The good thing is that these terms will become much easier as you become more involved in the world of racing. The more races you visit, the more you’ll get accustomed to hearing these terms, and soon, you’ll be confident when hearing these words in the races.

If you catch yourself forgetting what the terms mean, don’t worry. I’m sure a fellow horse racing enthusiast in the crowd will be more than happy to help you.

Horse betting terms.

Learning the betting terminology helps you not feel lost within the crowd and increases your chances of ensuring a proper bet that can lead to winning!

Whether you’re a pro at betting on horses or your love for horses has you interested in placing wagers, then learning the terminology will surely be a great way to get started.

Let’s look at some of the primary words you should learn before attempting to place your bets.

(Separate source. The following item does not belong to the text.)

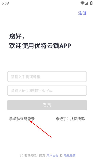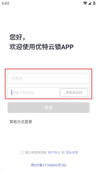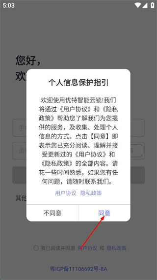 1、在優(yōu)特云鎖APP界面,點擊個人信息保護指引中的同意按鈕。
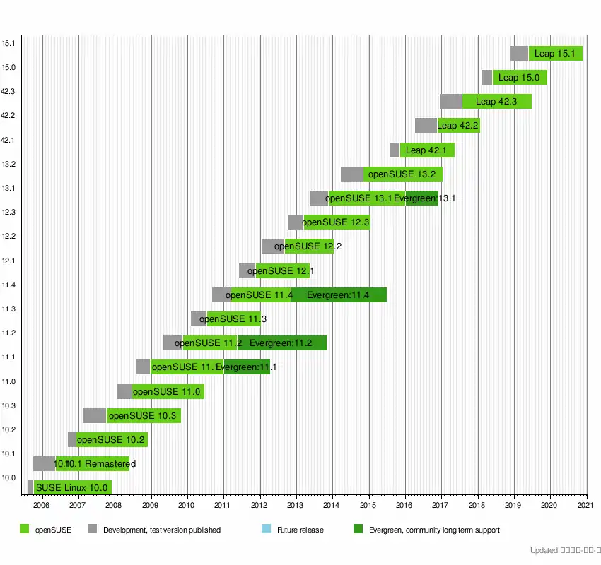 از سال ۲۰۰۹ تا ۲۰۱۴، هدف از راهاندازی پروژه openSUSE انتشار نسخه جدیدی از این برنامه در هر هشت ماه یکبار بود و قبل از راهاندازی نسخه های Leap از نسخه شماره ۱۱٫۲ و ۱۳٫۲ همراه با بهروزرسانیهای ضروری آنها استفاده میشد. برنامهای که مدت پشتیبانی از آن به طرز غیرقابلانتظاری ۱۸ ماه بود و با شروع به کار نسخه Leap 42.1 (پس از نسخه شماره ۱۳٫۲) هر وقت که یک نرمافزار اصلی منتشر میشد، مدتزمان پشتیبانی از آن حداقل ۳۶ ماه تعیین و آنهم تا زمانی که نسخه اصلی دیگر جهت انتظار آماده میشد (برای مثال نسخه شماره ۴۲٫۱–۱۵٫۰). انتظار میرود که زمان انتشار نسخههای اصلی هرساله باشد، آنهمزمانی که نسخه سرویس پک SUSE Linux Enterpriseنیز منتشر شود و کاربران نیز میتواند ظرف ۶ ماه آخرین بهروزرسانیها را انجام دهند. نسخه Tumbleweed بر یک مبنای غلتان بهروزرسانی میشود و فراتر از زمان نصب عادی بهروزرسانیهای کوچ نیاز به هیچ نوع بهروزرسانی دیگری ندارد.

  • Win– as we all know, it is a bet on a horse to win.
  • Place– refers to a bet on a horse to finish in 1st or 2nd place in the race.
  • Show– is a bet on a horse to finish 1st, 2nd, or 3rd in the race.
  • Across the board– refers to a bet on one horse to win, place or show.
  • Exacta-it’s a bet picking the 1st and 2nd place finishers in a race.
  • Trifecta– refers to a bet picking the 1st, 2nd, and 3rd place finishers in the race. (My personal favorite)
  • Superfecta– a bet picking the 1st, 2nd, 3rd, and 4th place finishers in the race.
  • Daily Double– refers to a bet where they pick the winners of two races, typically two consecutive ones.
  • Pick 3– a wager where you choose the winner of three consecutive races.
  • Pick 4– a bet where you select the winner of four sequential races.
  • Pick 5– refers to a bet picking the winner of five successive races.
  • Pick 6– it’s a bet picking the winner of six consecutive races.
  • Bridge Jumper– is a bettor who places large bets or show pools on odds-on favorites.
  • Buy the race– using every horse running in a specific race in an exotic wager.

It’s normal to feel overwhelmed with the new vocabulary that entails the world of horses and races, so remember to be patient, and you’ll soon be confident using the terminology yourself!

More horse terms.

Here are some other common words people use when talking about horses.

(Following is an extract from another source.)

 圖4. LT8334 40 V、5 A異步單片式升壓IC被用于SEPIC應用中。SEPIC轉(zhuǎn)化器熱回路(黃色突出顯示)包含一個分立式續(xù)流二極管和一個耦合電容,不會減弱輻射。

  • Foal– A foal is a baby horse
  • Stallion-Male horse
  • Gelding-Castrated male horse
  • Mare-Female horse five years old or older
  • Filly-Female horse under five years old.
  • Stud– Male horse used for breeding
  • Lame-A physical problem that causes a horse to have an abnormal gait
  • Colic-Is a general term used to describe abdominal pain; it can be fatal
  • CribHorses that crib typically bites on an object and suck in air.
  • Green horse– A horse that has started training but not finished

FAQ:

What Is a Horse Lover Called?

The word hippophile is the most accurate word to call a horse lover because it means someone with an inordinate love for these animals. Horse lovers can also be called equestrian fans and horse enthusiasts.

What Did Cowboys Call Their Horses?

While horses seem to be the universal name for these beautiful creatures, cowboys called their
horse’s critters back in the days and used it for both cows and horses.